Zeeman slower

A Zeeman slower is a scientific apparatus that is commonly used in quantum optics to cool a beam of atoms from room temperature or above to a few kelvins. At the entrance of the Zeeman slower the average speed of atoms is on the order of a few hundred m/s. The spread of velocity is also in the order of a few hundred m/s. Final speed at the exit of the slower is few 10 m/s with an even smaller spread.
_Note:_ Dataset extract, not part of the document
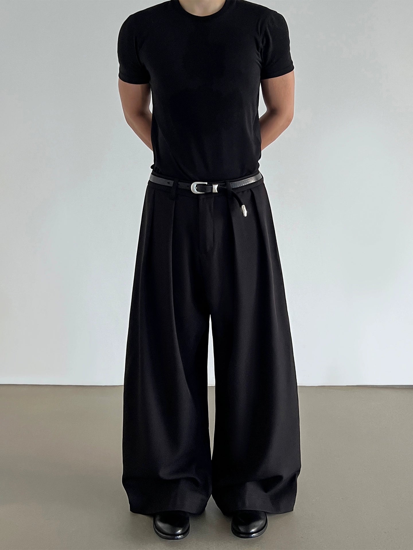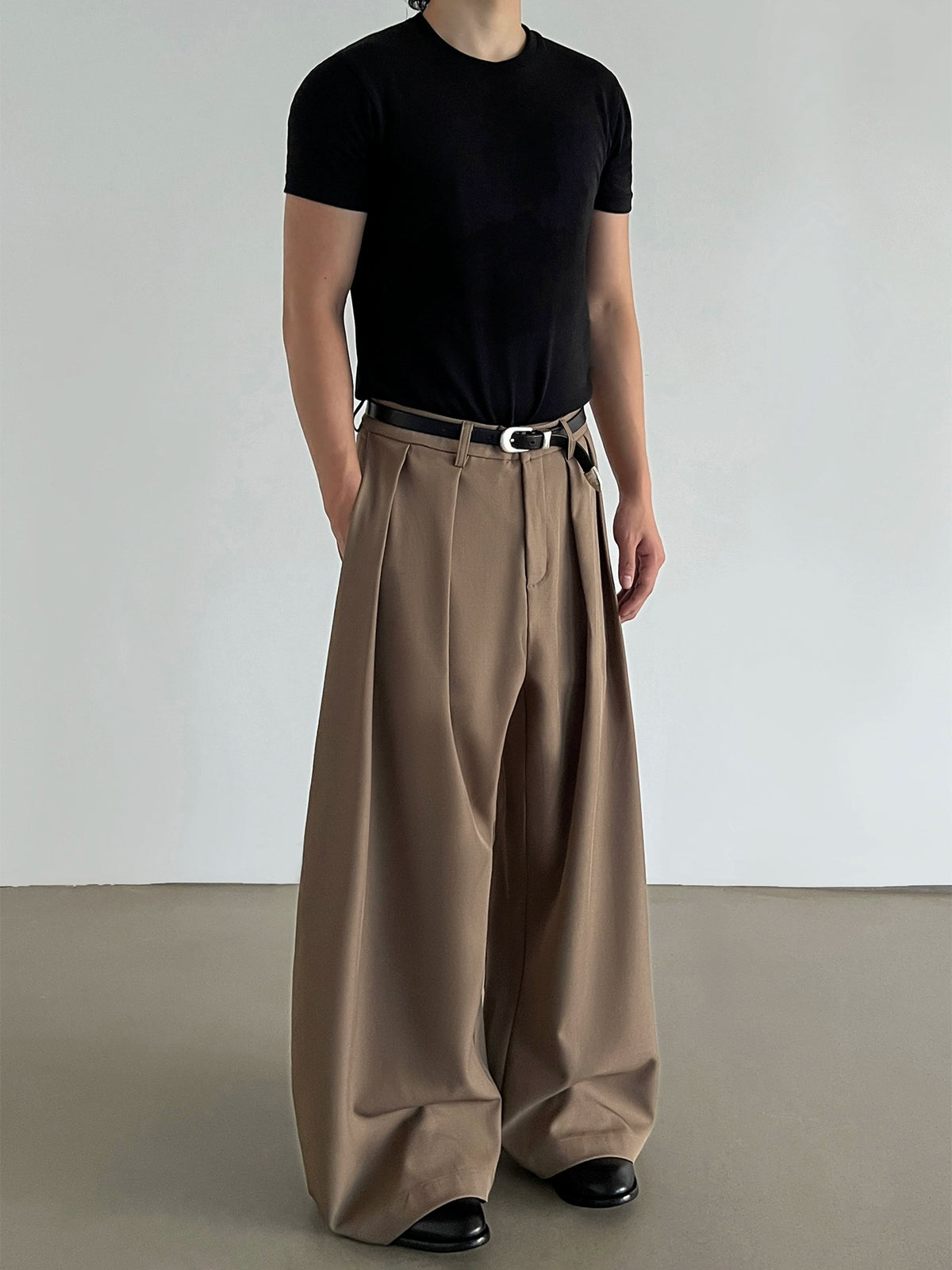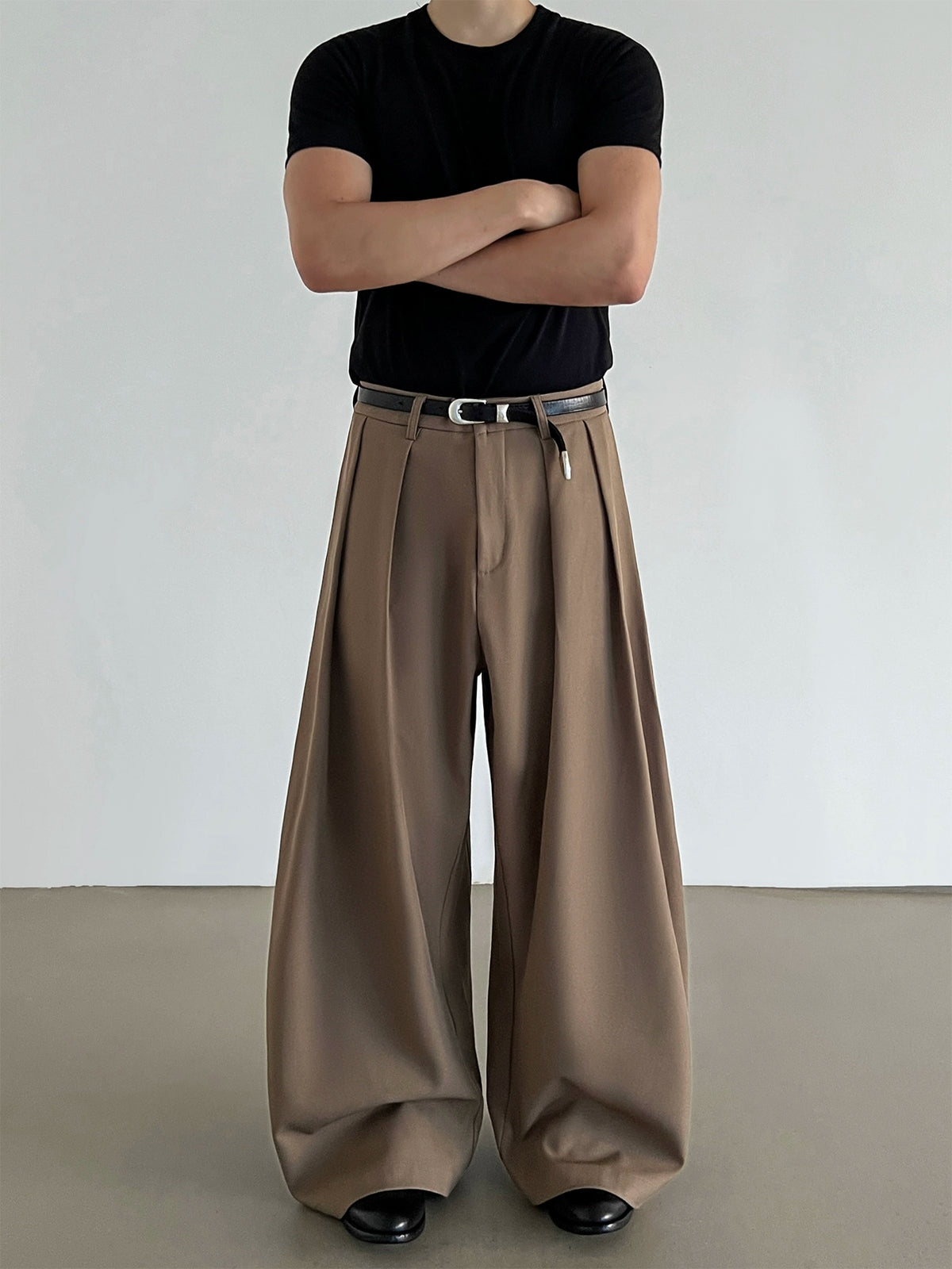 Pantalons décontractés évasés à taille plissée

A Zeeman slower consists of a cylinder, through which the beam travels, a pump laser that is shone on the beam in the direction opposite to the beam's motion, and a magnetic field (commonly produced by a solenoid-like coil) that points along the symmetry axis of the cylinder and varies spatially along the axis of the cylinder. The pump laser, which is required to be near-resonant to an atomic or molecular transition, Doppler slows a certain velocity class within the velocity distribution of the beam. The spatially varying Zeeman shift of the resonant frequency enables lower and lower velocity classes to be resonant with the laser, as the atomic or molecular beam propagates along the slower, hence slowing the beam.

It was first developed by William D. Phillips (who was awarded the Nobel Prize in Physics for this discovery in 1997 together with Steven Chu and Claude Cohen-Tannoudji "for development of methods to cool and trap atoms with laser light") and Harold J. Metcalf. The achievement of these low temperatures led the way for the experimental realisation of Bose–Einstein condensation, and a Zeeman slower can be part of such an apparatus.

According to the principles of Doppler cooling, an atom modelled as a two-level atom can be cooled using a laser. If it moves in a specific direction and encounters a counter-propagating laser beam resonant with its transition, it is very likely to absorb a photon. The absorption of this photon gives the atom a "kick" in the direction that is consistent with momentum conservation and brings the atom to its excited state. However, this state is unstable and some time later the atom decays back to its ground state via spontaneous emission (after a time on the order of nanoseconds, for example in Rubidium 87 the excited state of the D2 transition has a lifetime of 26.2 ns). The photon will be reemitted (and the atom will again increase its speed), but its direction will be random. When averaging over a large number of these processes applied to one atom, one sees that the absorption process decreases the speed always in the same direction (as the absorbed photon comes from a monodirectional source), whereas the emission process does not lead to any change in the speed of the atom because the emission direction is random. Thus the atom is being effectively slowed down by the laser beam.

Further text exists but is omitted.